Loss from trimming is part of dry aging. If you rather not take the loss, I suggest you don't do it.

You can save some trimming by aging it for a shorter time period, but keep in mind, it takes a minimum of 21 days before there is a flavor change at all, it then increases with time.

T


----------



## mendozer (Mar 15, 2017)

I will be doing one for 45 days then the other will be left for 60 days.


----------



## mr t 59874 (Mar 15, 2017)

mendozer said:


> I will be doing one for 45 days then the other will be left for 60 days.

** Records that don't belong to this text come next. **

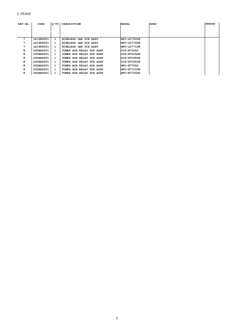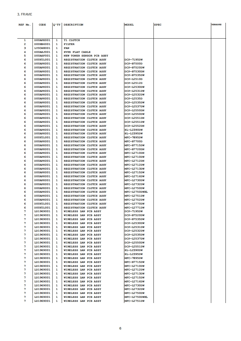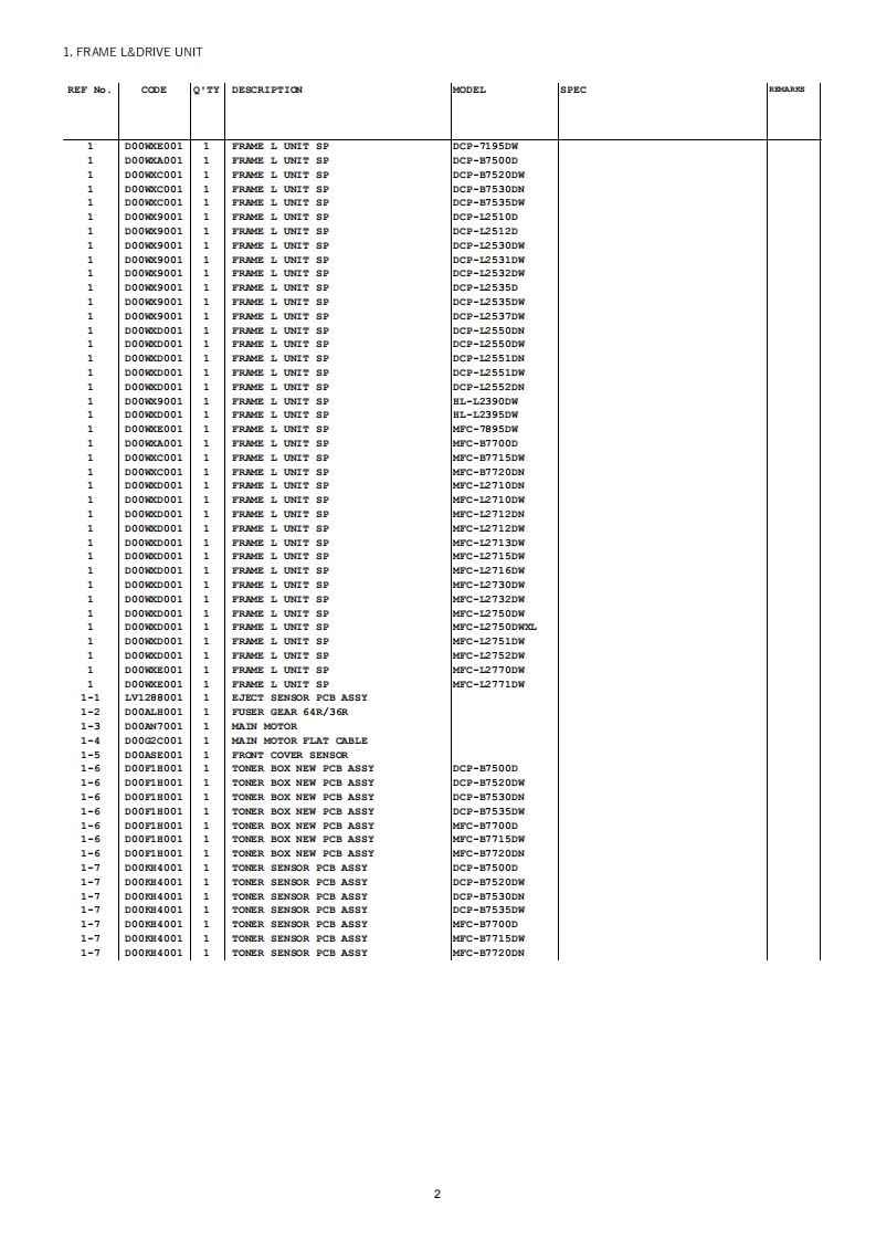 brotherFAX/MFCPARTS REFERENCE LISTMODELDCP-7195DW/B7500D/B7520DW/B7530DNDCP-B7535DW/L2510D/L2512D/L2530DWDCP-L2531DW/L2532DW/L2535D/L2535DWDCP-L2537DW/L2550DN/L2550DW/L2551DNDCP-L2551DW/L2552DNHL-L2390DW/L2395DWMFC-7895DW/B7700D/B7715DW/B7720DNMFC-L2710DN/L2710DW/L2712DN/L2712DWMFC-L2713DW/L2715DW/L2716DW/L2730DWMFC-L2732DW/L2750DW/L2750DWXL/L2751DWMFC-L2752DW/L2770DW/L2771DWRead this list thoroughly before maintenance work.Keep this list in a convenient place for quick and easy reference at all times.August 2017PL-FAX2468C5K*ver.8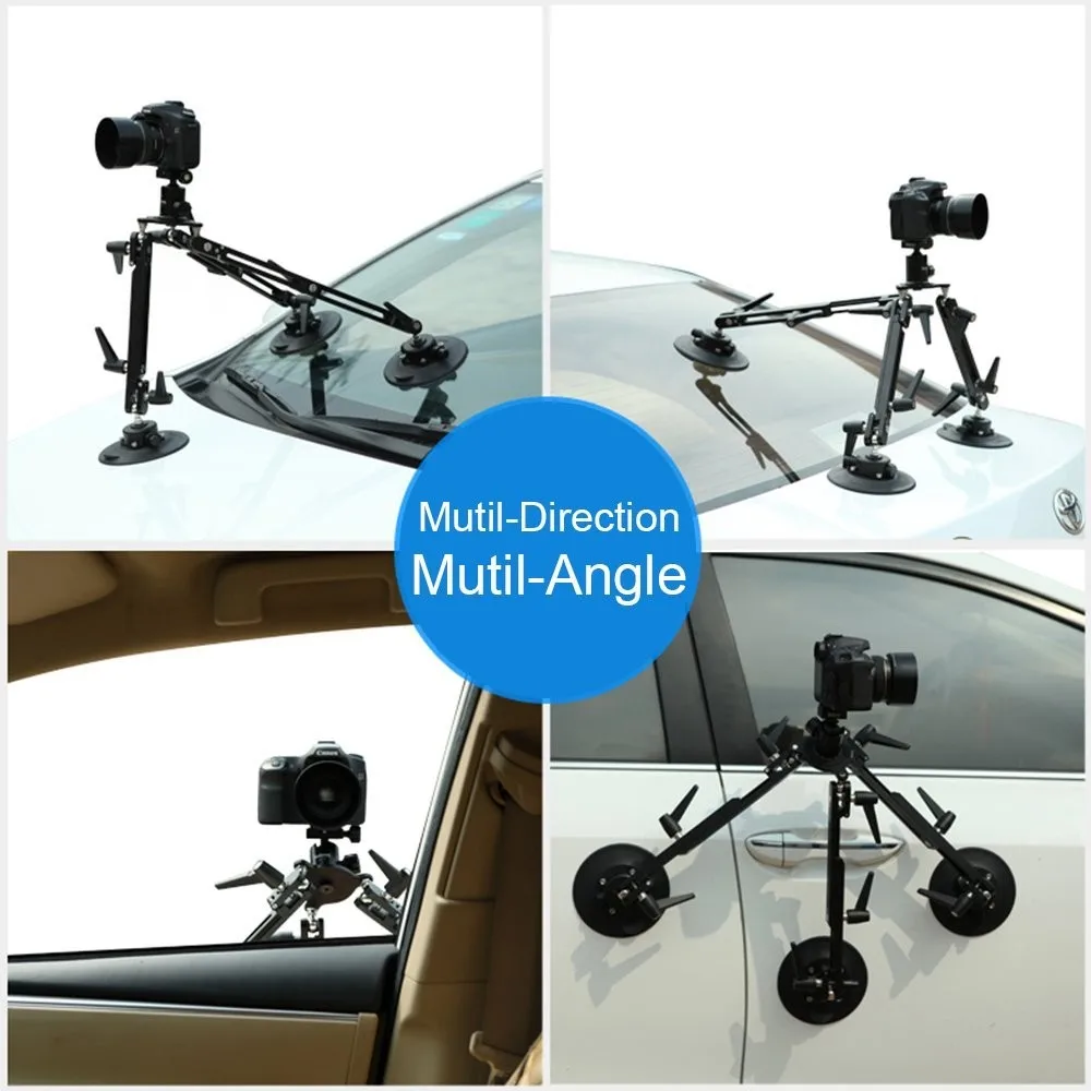 ★High-quality rubber, solid and stable adsorption---High-quality rubber, 15cm in diameter, thick design, the single suction cup bearing 60kg, so the three sucker total loading 180kg, easy to deal with different shooting situations. Common to any equipment, general cameras, SLR cameras, DV and other photographic equipment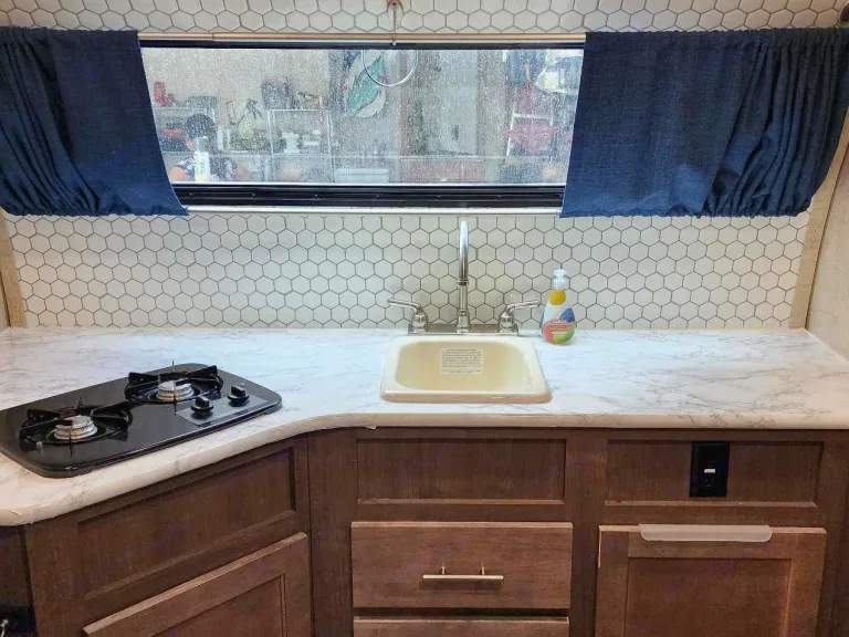 •Kitchen -Massive counter top space, 2 propane burner stove, 3-way fridge, convection microwave, sink and ample pantry space.

Curious as to how you came to that decision for your first attempt. I hope that you don’t wish you had gone 30 and 45 days instead. 

T


----------



## mendozer (Mar 15, 2017)

well I didn't start yet. I get the meat tomorrow. I chose 45 day first because I want the intense flavors. the mushroom, blue cheese, funky good stuff. Why would you recommend 30 first? I've already had 30 (I think) at a restaurant.


----------



## mr t 59874 (Mar 16, 2017)

mendozer said:


> well I didn't start yet. I get the meat tomorrow. I chose 45 day first because I want the intense flavors. the mushroom, blue cheese, funky good stuff. Why would you recommend 30 first? I've already had 30 (I think) at a restaurant.


 Just trying to help insure you enjoy your first undertaking and not be disappointed. Not being aware of what you think you may have had in the past, you can always sample and age further, but you cannot go back.

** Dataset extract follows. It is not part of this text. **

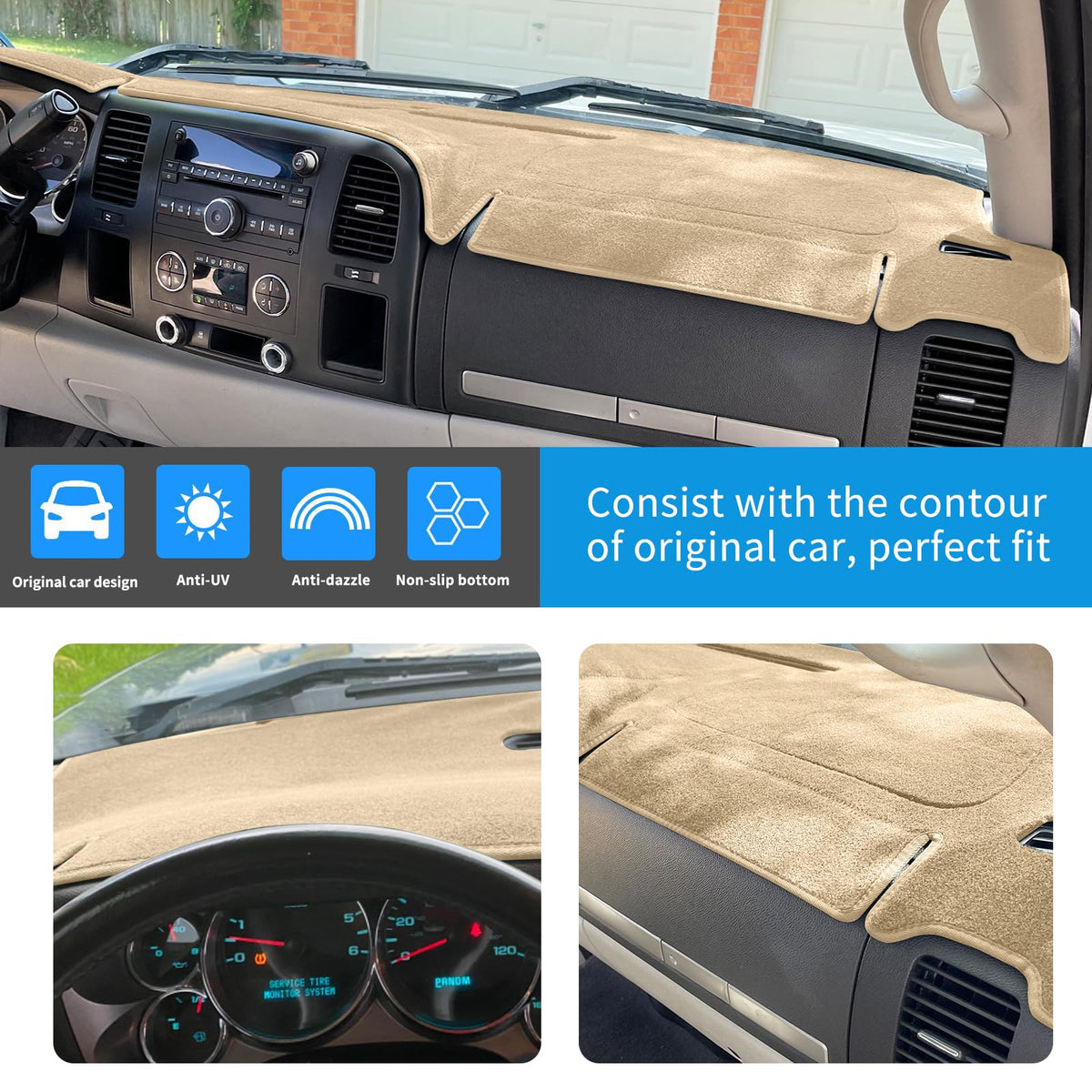 Hanlanka Dashboard Cover For Gmc Sierra And Chevrolet Silverado- Fits 2007-2013 Models With Two Glove Boxes. Custom Fit Dash Mat

 If you feel confident in your plan, by all means, go ahead. Hopefully everyone you share it with enjoys the same flavor profile as you. This is the reason that many restaurants that do serve dry aged beef age it for 30 days; it helps in eliminating the shock factor.

The last thing you want to do is to turn someone off dry aged meat because his or her first experience with it was not a favorable one.

Good luck and keep us up to date,

T


----------



## atomicsmoke (Mar 16, 2017)

I don't want to discourage you but I didn't find mushroom/blue cheese flavours in my 45day aged beef. Maybe my palate is not that sensitive. 

It does have an extra umami level than fresh beef (umami being also found in cheese and mushrooms) though.


----------



## SmokinAl (Mar 16, 2017)

I did 40 days & I think the next time I will go 45.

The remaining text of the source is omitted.